Они боялись, толковало быдло, и – молчали, боялись «сталинского террора», рабье племя! Чего там – дрожали, что убьют… Лагеря, Лубянка, пуля, дети в приютах с клеймами на лбу… Но империя страха развалилась бы в 4 часа 22 минуты 22 июня 1941 года, еще до того, как Молотов после пыточной паузы и вздоха заставил себя произнести в радиомикрофон: «Советское правительство… и его глава товарищ Сталин… поручили мне сделать следующее заявление…» Неужели только страх?.. Как писал командарм Гай в письме, казавшемся ему главным: «В камере темно, да и слезы мешают писать…» Но так и немцы боялись гестапо, концлагеря, никто не хотел на мясницкие крюки, или качаться на рояльных струнах (как те ребята‑взрыватели), или стреляться в родовом имении под присмотром генерала СС (как тот из пустыни), однако же по команде «не бояться» достали из полевых сумок дневники «восточного похода», где под различными датами записано: «фюрер совершает безумство за безумством» и «мы обречены»… А русские князья и дружинники, когда опустели лобные места, «стояли немы», в согласии промолчав сотню томов мемуаров, как и прежде надиктованных Абсолютной Силой, исправленных редакторами в офицерском звании.
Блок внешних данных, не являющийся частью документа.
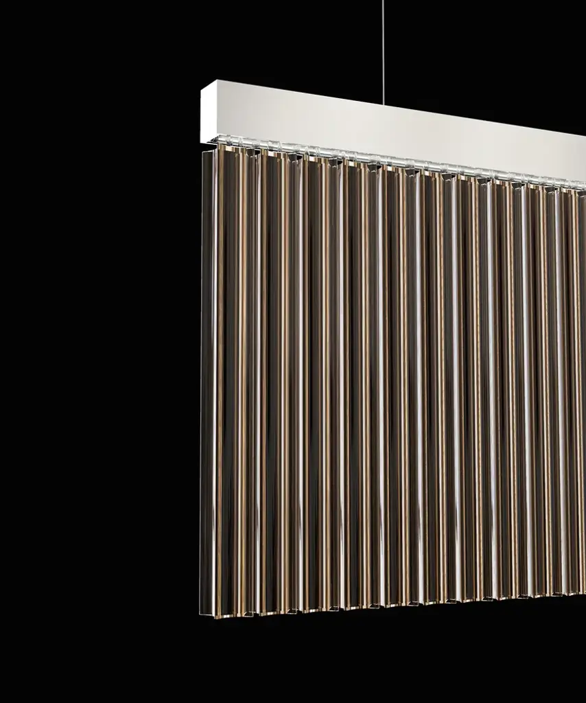 Carmen is a Pendant composed of clear or teak glass quadrihedrons. Metal structure with chrome finish. FINISHES: Transp/CTeak/C Led 3000K CRI>80IP20INDOORON REQUEST DIMMABLE WITH: 1-10V; DALICERTIFICATION: CE/EACWEIGHT: 25KGCarmen is a pendant lamp with a simple yet striking geometric shape. Thanks to its regular and modern lines, it adds a sober and never excessive richness to interiors. Available in both transparent and teak versions, Carmen is also suitable for compositions of two or more elements placed in the same room.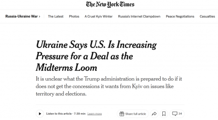 The New York Times: В то время как Украина готовится к очередному раунду мирных переговоров, который может состояться уже на следующей неделе, украинские власти заявляют, что администрация Трампа усиливает давление, требуя от них пойти на уступки России, чтобы положить конец войне к началу лета.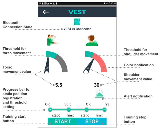 Figure 9c shows the interface during the actual training after the “start” button has been pressed. The green region in the dial shows the intended training bandwidth area. Patients can watch the screen while training and can see whether they compensate excessively and perhaps try to adjust their movement not to exceed the allowed range. The remaining grey part of the dial will turn red if the pointer exceeds the threshold. At the same time, an alarm icon will appear for 2 s with an audio alert and vibration notifications on the corresponding part of the garment. In this way, users can be made aware of their compensatory movements and learn to control them. The customized threshold setting serves as a reference target for each motion cycle. Providing real-time feedback, we aim to support correct movement execution and enhance motor learning, and thereby training effectiveness.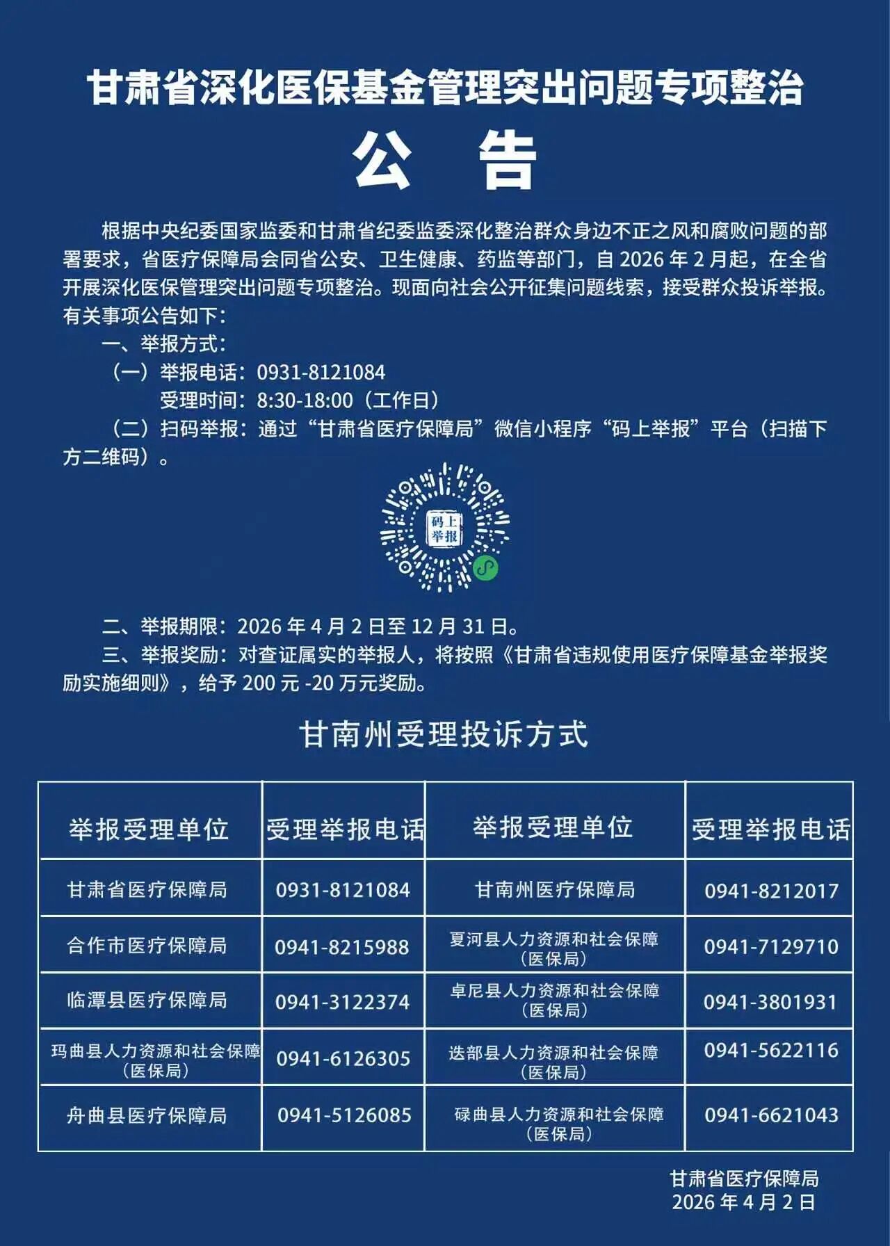 【医保基金监管宣传月(十九)】甘肃省深化医保基金管理突出问题专项整治公告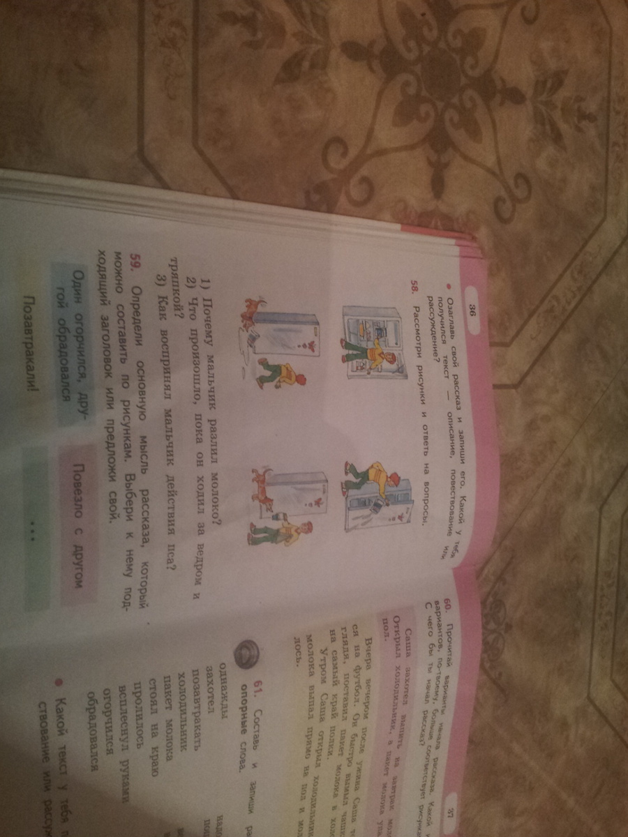 2)Когда мальчик пошел за ведром и тряпкой собака слизала молоко с пола.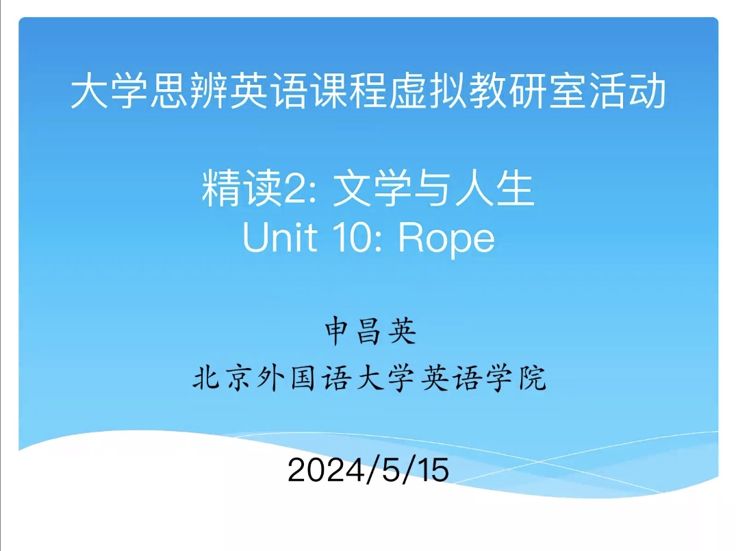 5月15-16日,教育部首批虚拟教研室建设试点“大学思辨英语课程虚拟教研室”成功举办2024年春季第二期虚拟教研活动。此次教研活动由北京外国语大学英语学院思辨英语精读一年级课型组承办。活动邀请申昌英副教授作为教研主讲专家,针对大学思辨英语精读教学,围绕“学生预习及课堂展示活动安排”开展说课和在线直播教学展示两项活动,来自全国各高校1400多位教师在线观摩参与。

Где свидетельства? где воспоминания железного поколения? Как написал тридцать четыре года назад майор запаса Шилов: «Их труды, наверное, читают жены»… Мучаясь от забвения павших друзей, ненавидя Хрущева за сталинскую войну «по глобусу» и брежневскую мнимую полководческую славу, обесценившую ордена, не имея ни крохи веры в рай‑ад, они валились в могилы молча, соответствуя формуле Лазаря Кагановича «Никому, ни о чем, никогда». Молчали и опальные, и победители. Генеральные конструкторы, маршалы, наркомы, секретари ЦК – никто не узнает, что видели железные люди там, там… за смертельной гранью – что мерцало им оттуда, какой немилосердный ад античных времен? Маршал Голованов шептал жене, выдыхая последний воздух: «Мама, какая страшная жизнь», – женщине, девчонке, что вдруг поцеловала его сама возле парадного и вздрогнула от обиды и убежала, как только летчик спросил: «И много у вас было таких поцелуев?» А теперь она причитала: «Что ты? Что ты, почему ты так говоришь? Почему страшная жизнь?» – «Твое счастье, что ты этого не понимаешь».

Для ясности, чтобы избавить от сомнений, что заметание следов и тишина не просто так, нас подождали не постельные грелки и конюхи, а старшие – Молотов, Маленков, Ворошилов, Микоян, Каганович (да и Берия дотянул бы, кабы не расстреляли). Отмороженные, размятые ледником столетние люди бродили среди нас, писали и обдумывали что‑то в своих скитах, ни разу не встретившись за тридцать лет проживания в соседних подъездах, «без слов», как раньше писали под карикатурами, – без слов, хмуро взглядывая на приходящих сантехников и двоюродных племянников. И как раньше, умирая, хрипели: «Попа…», так теперь когда пришла пора, они нацарапали иноческими клешнями: восстановите в партии! – и ничего кроме! – рассказав не больше мертвых, соблюдя уговор. За посмертными мемуарами Кагановича стояла, пуская жадные слюни, очередь и получила в лапы библейскую пачку бумаги со словами «Да здравствует Коммунистическая партия Советского Союза и ее великий вождь Иосиф Виссарионович Сталин!», написанными 43 278 624 раза… Лишь единственный раз, после похорон жены, инфаркта и перед смертью, Маленков, открыв глаза, прошептал: в октябре 1941 все руководство покинуло Москву и он остался на хозяйстве один – фантастический пустяк, не подлежащий проверке по своей ничтожности, – и это все? После жертвоприношения, многомиллионного отсева, после рывка от собирания колосков к шарику – искусственному спутнику Земли?!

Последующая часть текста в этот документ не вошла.